A fiction book blurb is a short document, maybe only about 200 words, that hints at the book’s contents while making the reader curious to read more. Typically, your blurb should introduce your main character and his biggest problem, but not reveal any important plot points. It should give some flavor of his world and time period. Your word choice and tone (tone is the mood that your writing sets by the way it sounds) should indicate to what genre your story belongs.
The blurb sells your book on the publisher website, at Amazon.com, or inside book catalogs distributed to bookstores. It is the first thing you see on the jacket flap of a hardback or the back of a paperback. Many new writers believe that someone on the publisher’s staff writes the blurb, but actually it is you, the author. And you wouldn’t want it any other way. Who better than you to care enough to write the best possible blurb for your book?
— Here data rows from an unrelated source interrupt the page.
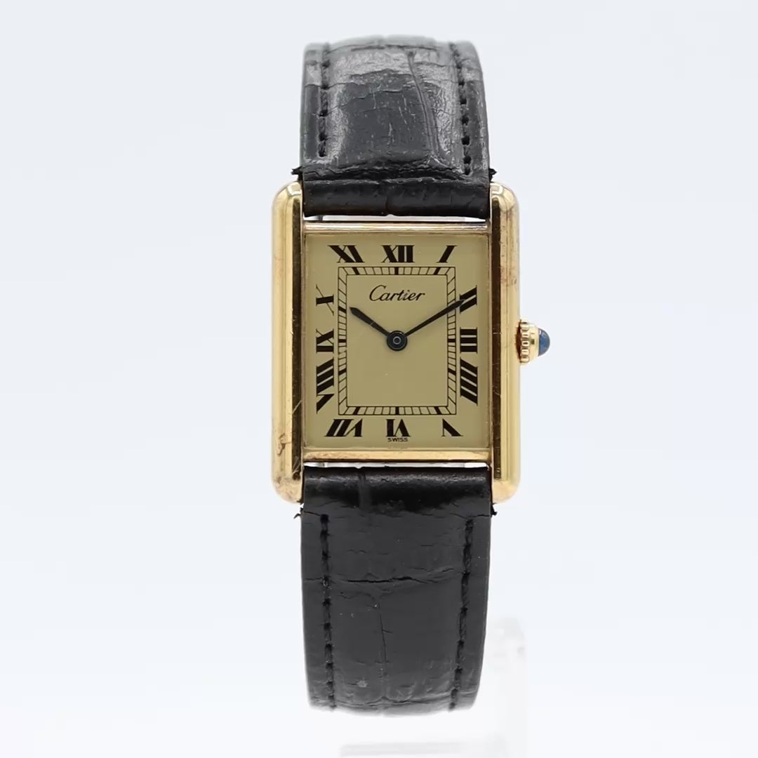 Vintage Cartier 6 81006 Tank Vermeil Men's Quartz Wristwatch Swiss Gold Plated
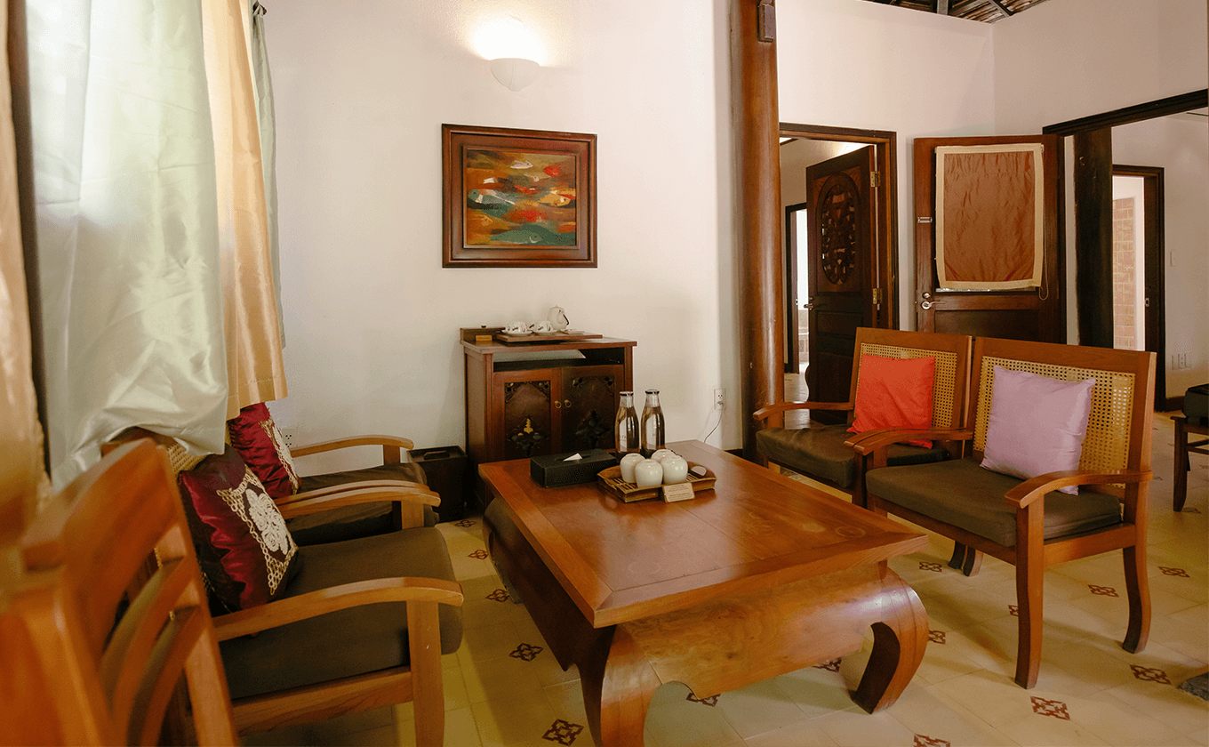 Maximum 2 adults and 2 children, Vietnamese Ancient House style Bungalow, Two separate bedrooms with a connecting living area, ideal for families with young children
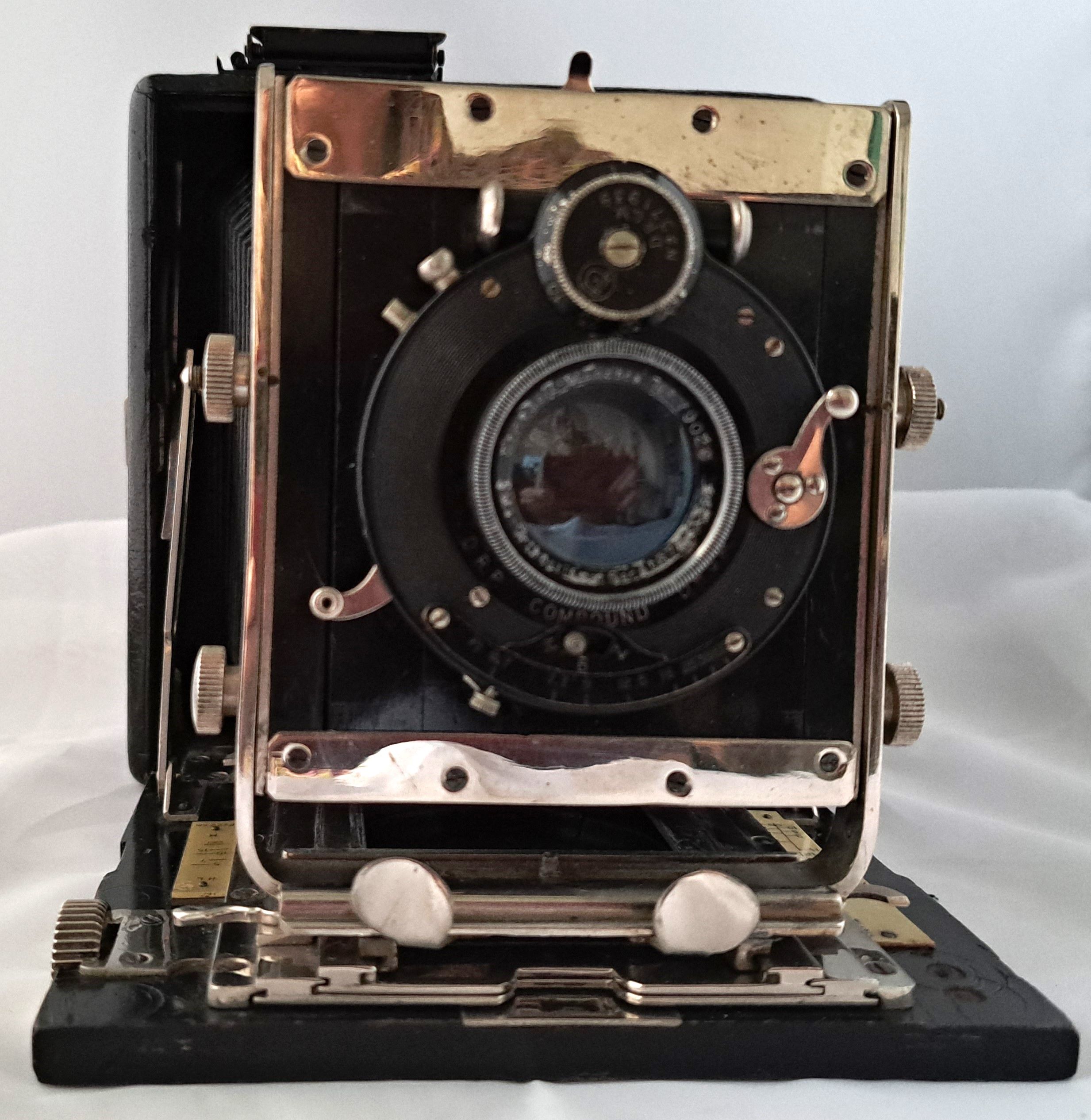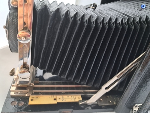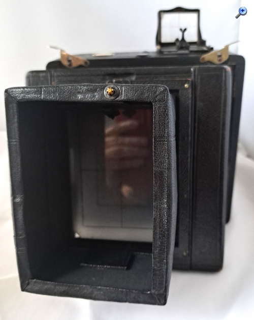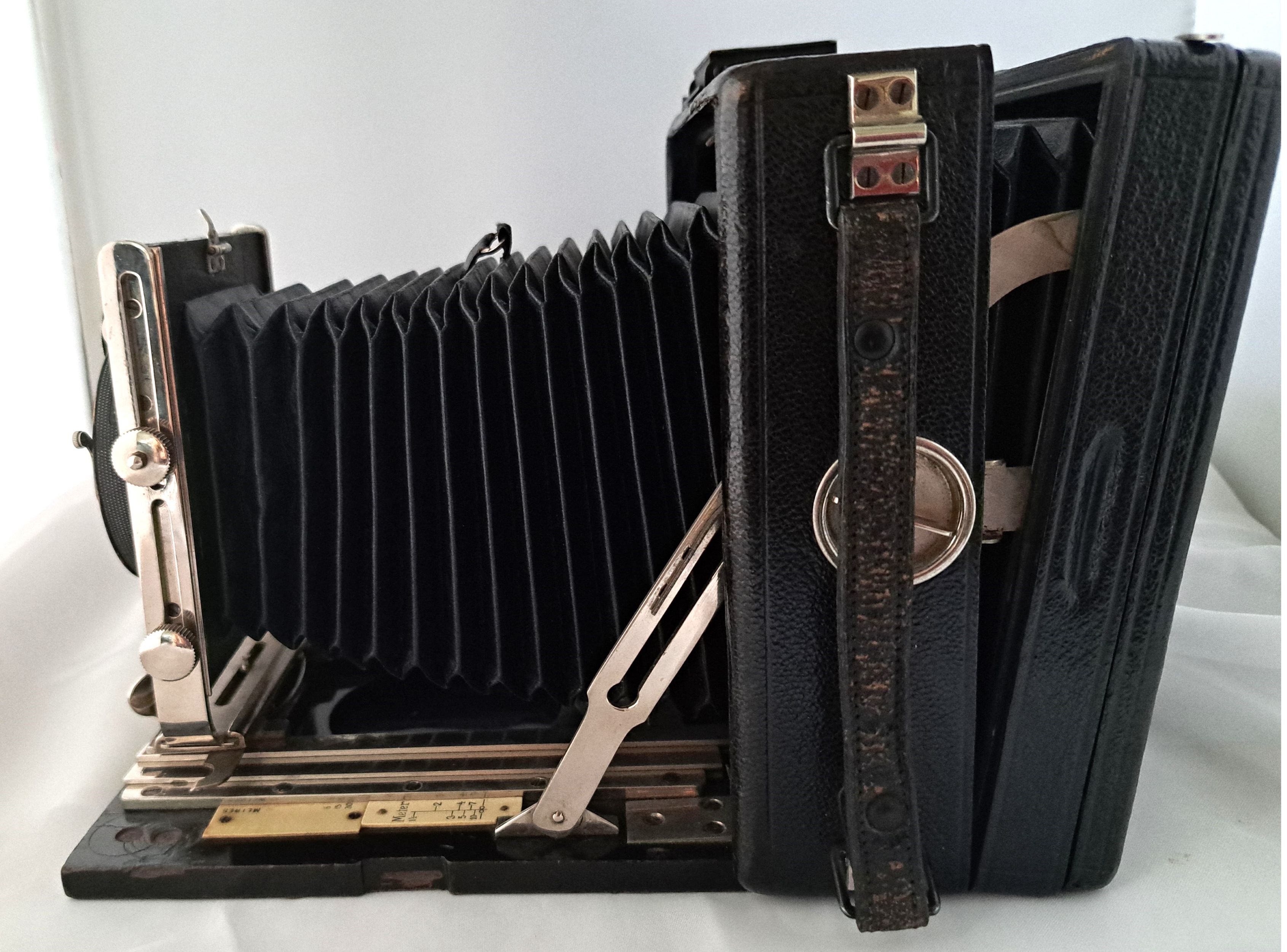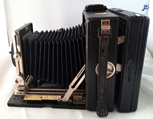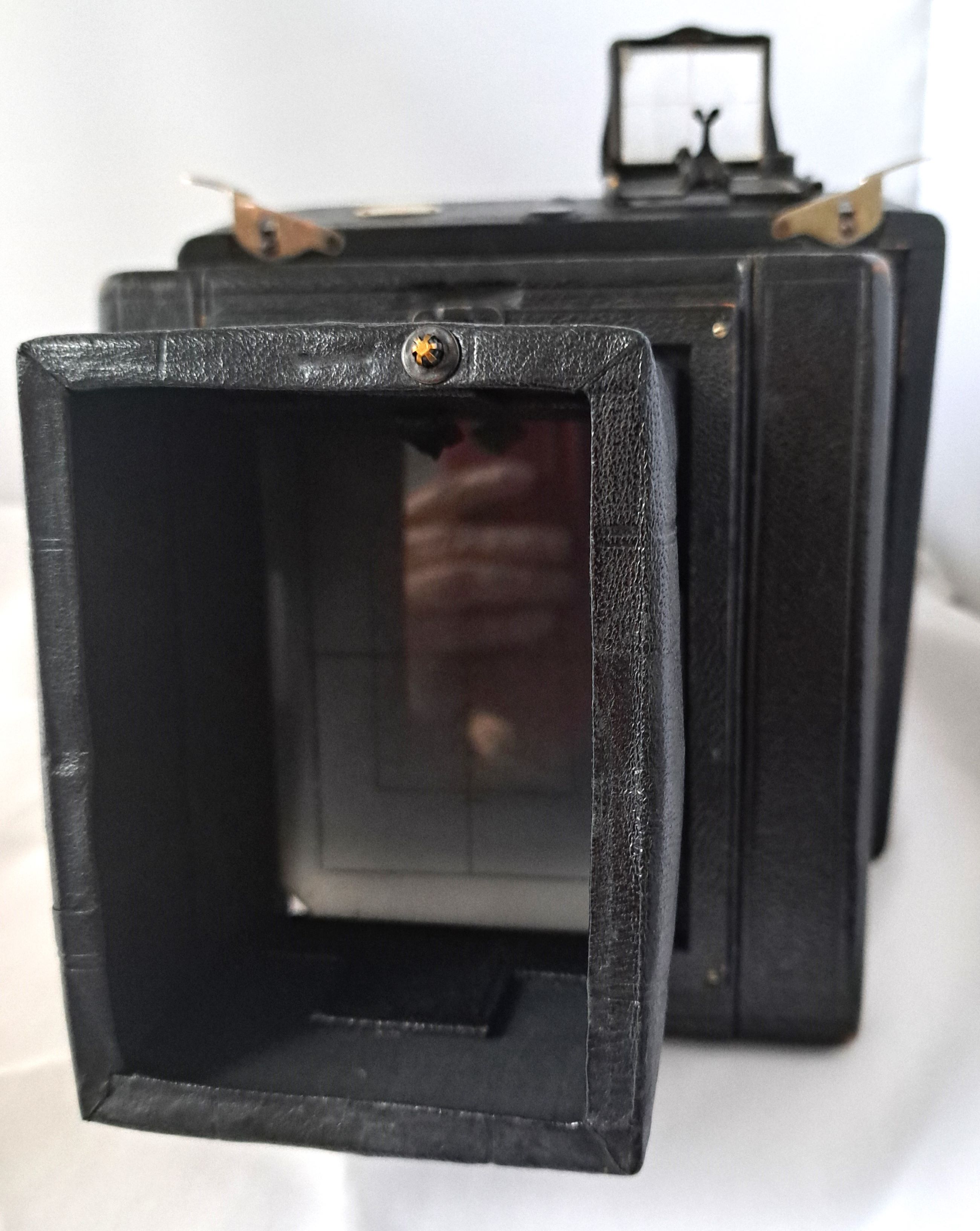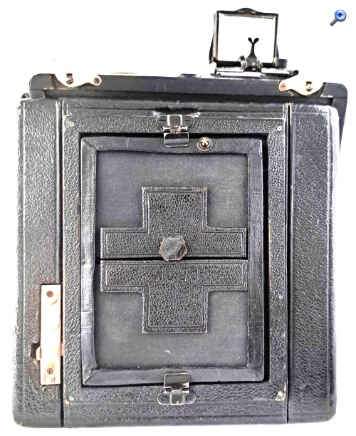 Das Gehäuse (bei Pferden spricht man von Gebäude) ist quadratisch, aus Holz und lederbezogen. Das Aufnahmeformat ist 9x12. Der Laufboden und das Objektivbrett sind aus dunklem (Teak) Holz - schwarz lackiert.

In a blurb, you want to hint at your story, but not reveal major plot spoilers. You should end your blurb with a tantalizing hint of the trouble into which your poor hero is about to plunge. Some authors conclude their blurbs with a rhetorical question (that is, a question for the sake of emphasis to which you really don’t expect an answer) to engage the reader. For example, “Can Hero #1 overcome his self-doubts and prove himself to his true love?” This practice of ending a blurb with a rhetorical question is becoming clichéd.
What else should you include in your blurb? Sometimes authors include a sentence comparing themselves favorably to a more famous author. Sometimes authors include an actual favorable quotation from another author – in fact, that is also called a blurb and usually appears separately from the book blurb and on the front cover of a book or on one of the inside pages before you reach the copyright page. As a reader, I don’t pay attention to comparisons or one-liner blurbs from other authors, and I have heard that other readers don't either. Anyone can make a comparison. As for a one-liner blurb, if it is from a more famous author at the same publishing group, I have to wonder if the publisher strong-armed the author into contributing it, which lessens its authenticity. Overall, I would advise focusing your valuable blurb space mostly on communicating the essence of your story.
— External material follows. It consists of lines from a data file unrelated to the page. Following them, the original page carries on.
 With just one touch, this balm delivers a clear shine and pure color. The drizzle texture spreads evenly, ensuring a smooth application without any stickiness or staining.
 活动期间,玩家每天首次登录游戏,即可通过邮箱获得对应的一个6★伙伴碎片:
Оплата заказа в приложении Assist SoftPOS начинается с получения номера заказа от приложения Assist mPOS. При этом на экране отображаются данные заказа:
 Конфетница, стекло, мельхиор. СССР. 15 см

If you have managed to include your hero’s situation and big problem, work in anything else that might make your story unique. For example, you might have written your story based on your personal knowledge of Lakota shamans, the Iraq war, or playing professional golf. Make sure you describe your hero as a Lakota shaman who returned from the war to play pro golf. Or perhaps your novel combines genres such as science-fiction and historical romance for a steampunk feel. Whatever you think is your novel’s strong points should be hinted at in your blurb.